* During a 60-day grace period, you cannot be charged a late fee if you mistakenly send your mortgage payment to the old servicer
* The new servicer cannot report to a credit bureau that payments were late.
* Write to the servicer if you think there are any problems with your account.
* Within 60 business days of receiving your inquiry, the servicer must correct your account or determine it is accurate.
* Do not subtract any disputed amount from your mortgage payment. The servicer may consider this different amount to be a partial payment and declare the mortgage in default.
Bureau of Consumer Protection
Office of Consumer & Business Education
When you apply for a home mortgage, you may think that the lender, or loan originator, will service the loan until it is paid off or your house is sold. This is not always true. In today's market, mortgage servicing rights often are bought and sold.
If you are notified that your home mortgage servicing has been sold to another company, you may wonder how it will affect your loan terms and monthly payments. Some consumers have complained that they were not given enough notice of loan servicing transfers and were unfairly charged late fees and penalties.
In 1990, the National Affordable Housing Act was passed to address some of these concerns.
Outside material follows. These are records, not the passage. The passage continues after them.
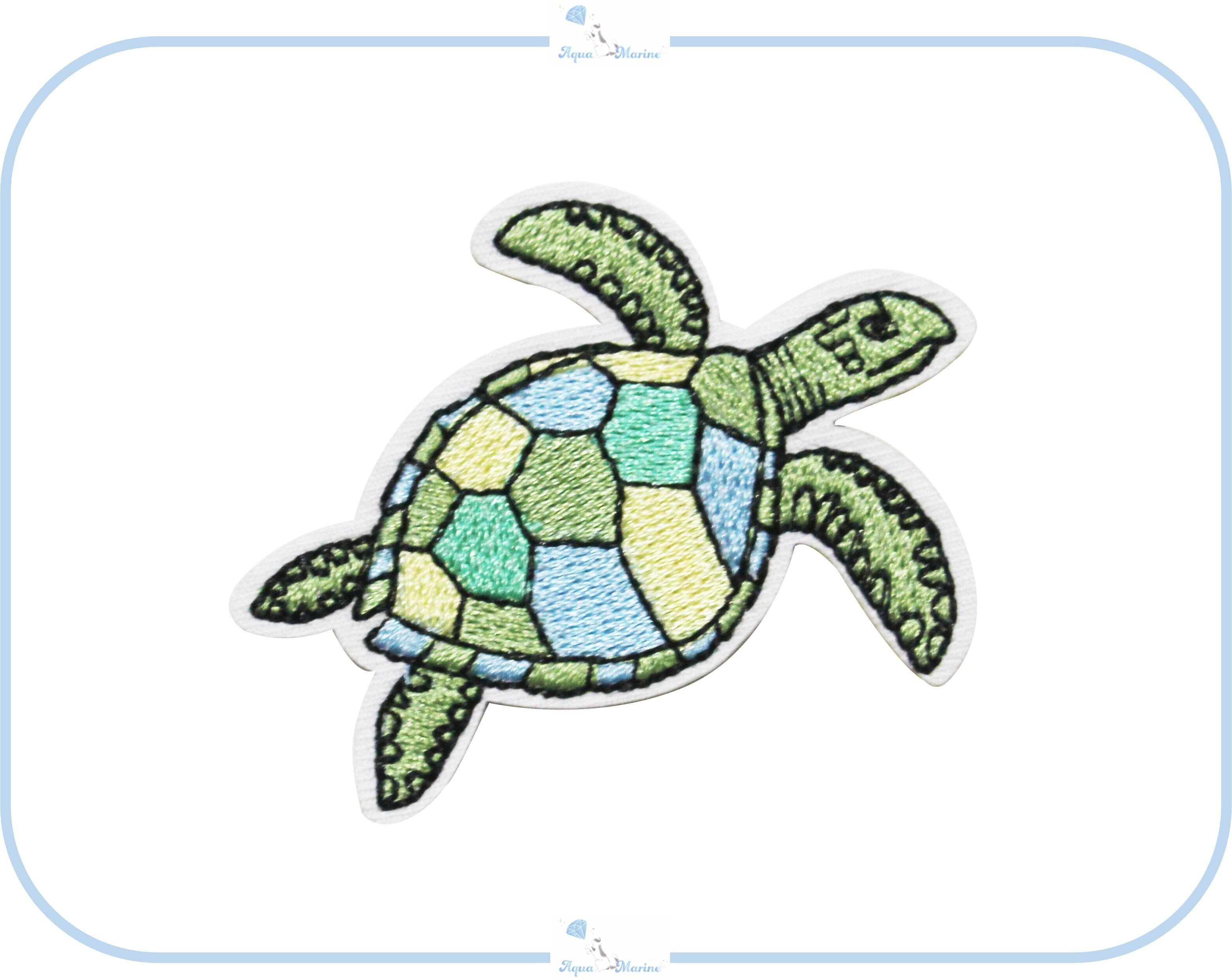 ES127 アップリケ 刺繍 カメ デザイン かめ 亀 タートル Turtle グリーン 動物 海の生き物 水族館 ハンドメイド 材料 入園 入学 キッズ アイロン ワッペン リメイク アレンジ 服飾 手芸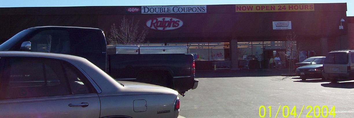 01/2004. Auburn, CA, Bell Road/Grass Valley Highway. Former Albertsons, purchased by Ralphs in October 1999. Store retains an Albertsons interior with the last remodel happening in 1988, so the interior of this store is a blast back to the 1970's. |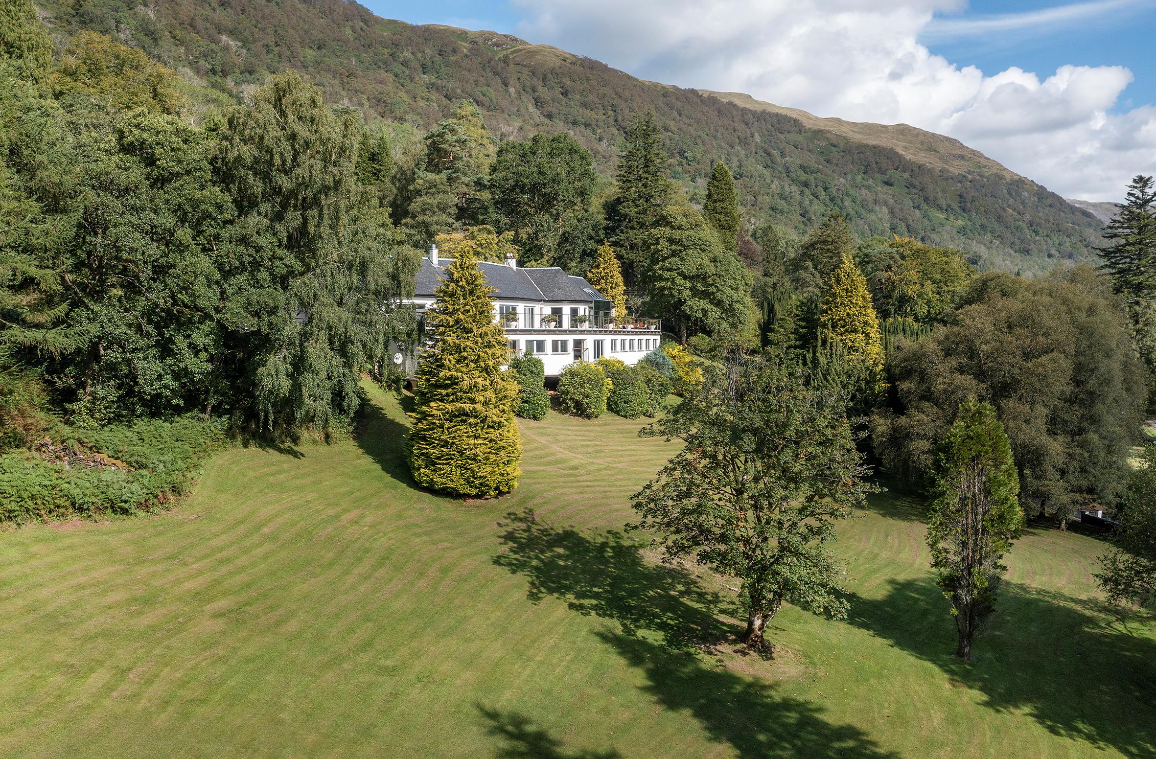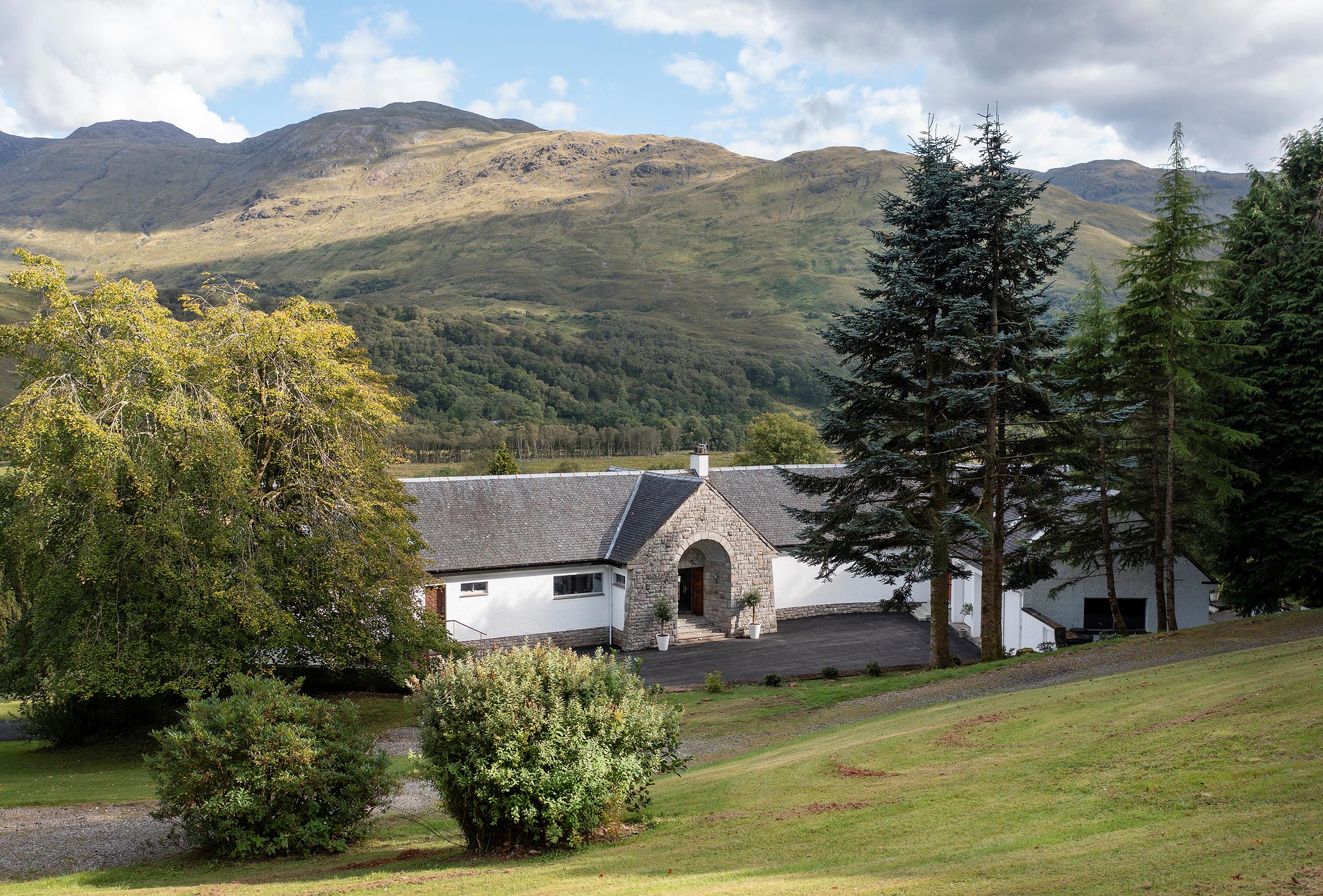 Invercreran House occupies an elevated, south-facing position in Glen Creran, commanding some of the most striking mountain views in Scotland, including Beinn Sgulaird and Beinn Fhionnlaidh. The residence sits on the edge of mature gardens and woodland, supported by a cantilever structure to complement the hillside terrain. Appin (10 minute drive) and Port Appin (8 miles) are the nearest villages, collectively comprising a small shop which provides everyday requirements as well as a doctor's surgery, two churches, a local primary school, two hotels, a pub and a garage. Barcaldine (6 miles) has a marina and a primary school. The town of Oban (30 minutes drive), also known as the 'Gateway to the Isles' and Scotland's seafood capital, has a more extensive range of services including supermarkets, a Marks and Spencer food hall, restaurants, primary and secondary schooling and a hospital. The ferry ports have regular services to the Inner Hebridean islands including Mull, Iona and the Outer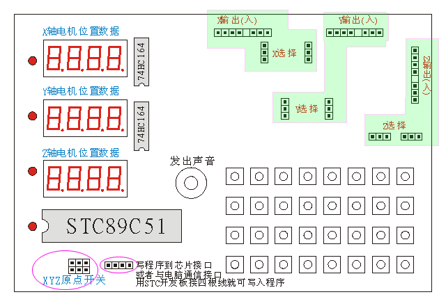接步进电机时,每组输出只需要用到左边的四根针,右边的请空起来,请参考原理图接线。为了最终能做成实用的产品,本板在这么少元件的情况下,还特地在左下有三个原点开关检测位。工作原理是这样的,每次开机时,机器各路电机自动向原点方向移动,当移动到原点位置时,原点外安装了行程开关或者光电开关接通,电机停电,LED上显示0,机器处理预备状态,这样方便产品生产。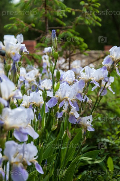 Сад с ирисами (касатиками). Идеально подходит для ландшафтного дизайна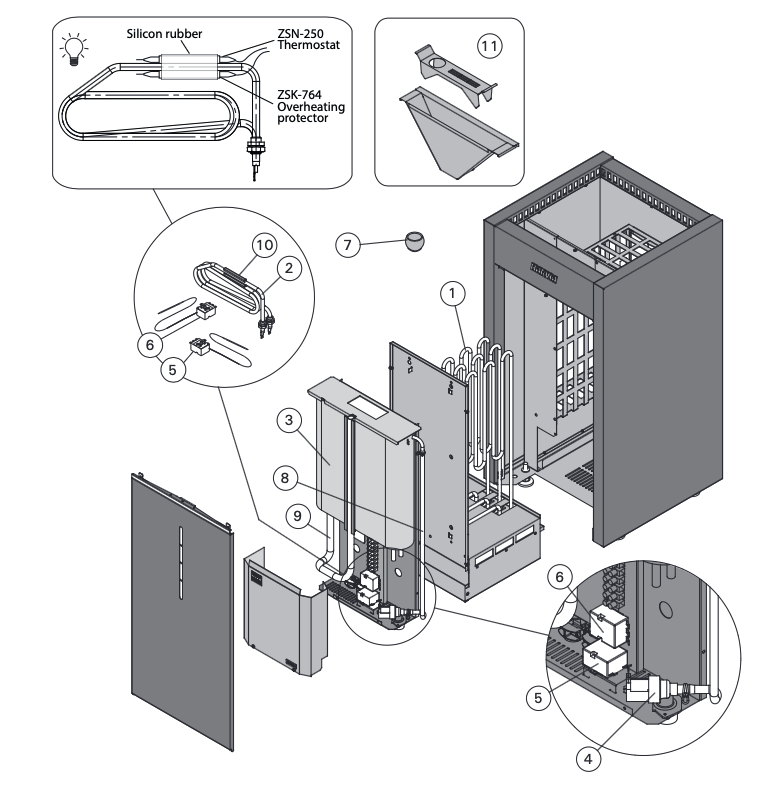 Virta Saunaöfen sind einfach zu installieren. Alle Anschlüsse sind unten an der Vorderseite des Ofens gut erreichbar und mit genügend Platz ausgestattet. Die Heizelemente sind von den Steinen getrennt, dies führt zu einer langen Lebensdauer. Im Servicefall sind sie einfach und schnell zu wechseln. Auch andere Wartungsarbeiten sind durch die durchdachte Bauweise der Öfen zügig durchzuführen.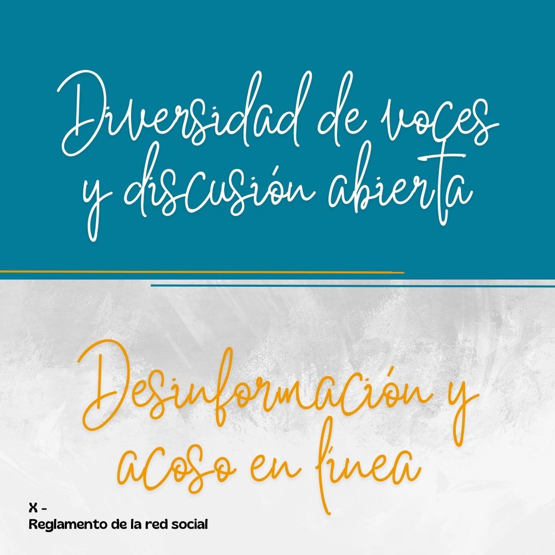 En cuanto a X, “El propósito es estar al servicio de la conversación pública. La violencia, el acoso y otros tipos de comportamiento similares desincentivan a las personas para expresarse, lo que finalmente reduce el valor de la conversación pública mundial. Nuestras reglas buscan garantizar que todas las personas puedan participar en la conversación pública con libertad y seguridad”.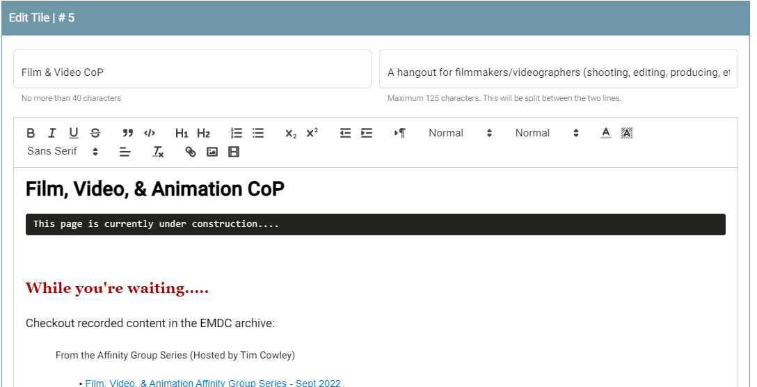 If you are unable to edit the tile or the Landing Tile tile is greyed out, submit a ticket by writing to support@emdcon.org.

This brochure explains what a mortgage servicer does and what your rights are under the Housing Act It also tells what you can do if you have a complaint about the transfer of your loan servicing.
When your escrow account is first established, your mortgage servicer must give you a statement telling you the estimated taxes, insurance premiums and other charges that are anticipated over the next 12 months and the expected totals of those payments.
The mortgage servicer also is required to give you an annual statement that details the activity of your escrow account. This statement shows your account balance and reflects payments for property taxes and homeowners insurance.
Provide a disclosure statement.
The disclosure statement says whether the lender intends to sell the mortgage servicing immediately; whether the mortgage servicing can be sold at any time during the life of the loan; and the percentage of loans the lender has sold previously. During 1992, lenders must disclose the percentage of loans for which the servicing was sold in 1990 and 1991. This will change beginning in 1993, when lenders will have to report figures for the previous three years. The percentages will be noted in the ranges 0-25%, 26-50%, 51-75%, and 76-100%. The lender also must provide information about servicing procedures, transfer practices, and complaint resolution.
If you have a face-to-face interview with a lender, you must receive the disclosure statement at the time of the loan application. If you apply for a loan by mail, the lender has three business days to send you the disclosure statement after receiving your application. If you do not return a signed disclosure statement, the lender cannot fund a mortgage for you.
* The lender terminates the contract because, for example, you have defaulted on the loan.
* The servicer files for bankruptcy.
* The Federal Deposit Insurance Corporation or the Resolution Trust Corporation begins proceedings to take over the servicer's operations.
* the name and address of the new servicer.
* the date the current servicer will stop accepting mortgage payments, and the date the new servicer will begin accepting them.
* free or collect call telephone numbers for both the current servicer and the new servicer that you can call for information about the transfer of service.
* Information that tells whether you can continue any option insurance, such as mortgage life or disability insurance, and what action, if any, you must take to maintain coverage. You also must be told whether the insurance terms will change.
* A statement that the transfer will not affect any terms or conditions of the contract you signed with the original mortgage company, other than terms directly related to the servicing of such loan. For example, if your old lender did not require an escrow account, but allowed you to pay property taxes and insurance premiums on your own, the new servicer cannot demand that you establish such an account.
Within 20 business days of receiving your inquiry, the servicer must send you a written response acknowledging your inquiry. Within 60 business days, the servicer must either correct your account or determine it is accurate. The servicer must send you a written notice of what action it took and why.
Do not subtract any disputed amount from your mortgage payment. Many mortgage servicers will refuse to accept what they consider to be partial payments. They may return the check and charge a late fee, or declare the mortgage is in default and start foreclosure proceedings.
You also can send your complaint to the FTC. Write to: Correspondence B ranch, Federal Trade Commission, Washington, D.C. 20580. Although the FTC generally does not intervene in individual cases, the information you provide may indicate a pattern of possible law violations requiting action by the Commission.
You also may want to contact an attorney to advise you of your legal rights. Under the National Affordable Housing Act, consumers can initiate class action suits and obtain actual damages, plus additional damages, for a pattern or practice of noncompliance. In successful actions, consumers also may obtain court costs and attorneys fees.